◆ WORK INSTRUCTIONS ◆
When you write out the listing, keep each word exactly as it stands but include none of its images.
*** Opening of GIVEN INFORMATION ***
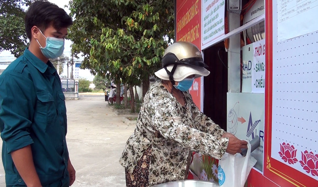 Người có hoàn cảnh khó khăn đến nhận gạo tại ATM xã Hòa Khánh Đông
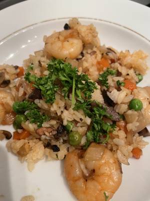 ご飯が炊けたら、いためたえびとバター大さじ1を混ぜ、ふたをして5分間蒸らす。器に盛ってパセリを散らす。
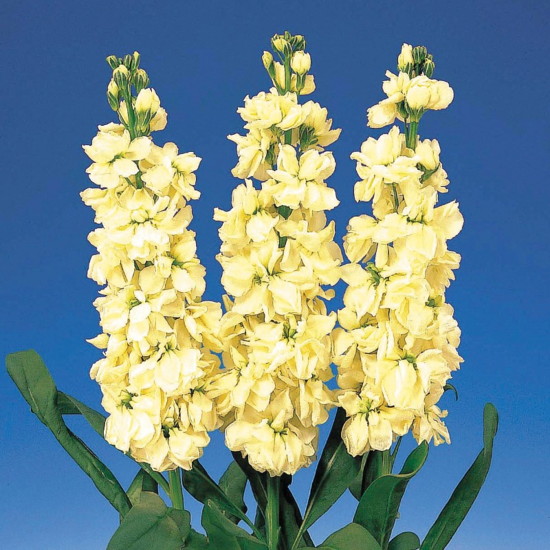 Неповторимый, сладкий аромат, длительное цветение и прочные жесткие стебли делают левкои серии «Iron» Sakata популярными у цветоводов. Растения прямостоячие, высотой 60-70 см. Крупные (диаметром 4-4,5 см) махровые цветки желтого оттенка собраны в плотные кистевидные соцветия. Прекрасно подходят для профессиональной срезки для оформления цветников. Зацветает левкой в июне.
*** Close of GIVEN INFORMATION ***
◆ EXERCISE RESULT ◆
 Người có hoàn cảnh khó khăn đến nhận gạo tại ATM xã Hòa Khánh Đông
 ご飯が炊けたら、いためたえびとバター大さじ1を混ぜ、ふたをして5分間蒸らす。器に盛ってパセリを散らす。
 Неповторимый, сладкий аромат, длительное цветение и прочные жесткие стебли делают левкои серии «Iron» Sakata популярными у цветоводов. Растения прямостоячие, высотой 60-70 см. Крупные (диаметром 4-4,5 см) махровые цветки желтого оттенка собраны в плотные кистевидные соцветия. Прекрасно подходят для профессиональной срезки для оформления цветников. Зацветает левкой в июне.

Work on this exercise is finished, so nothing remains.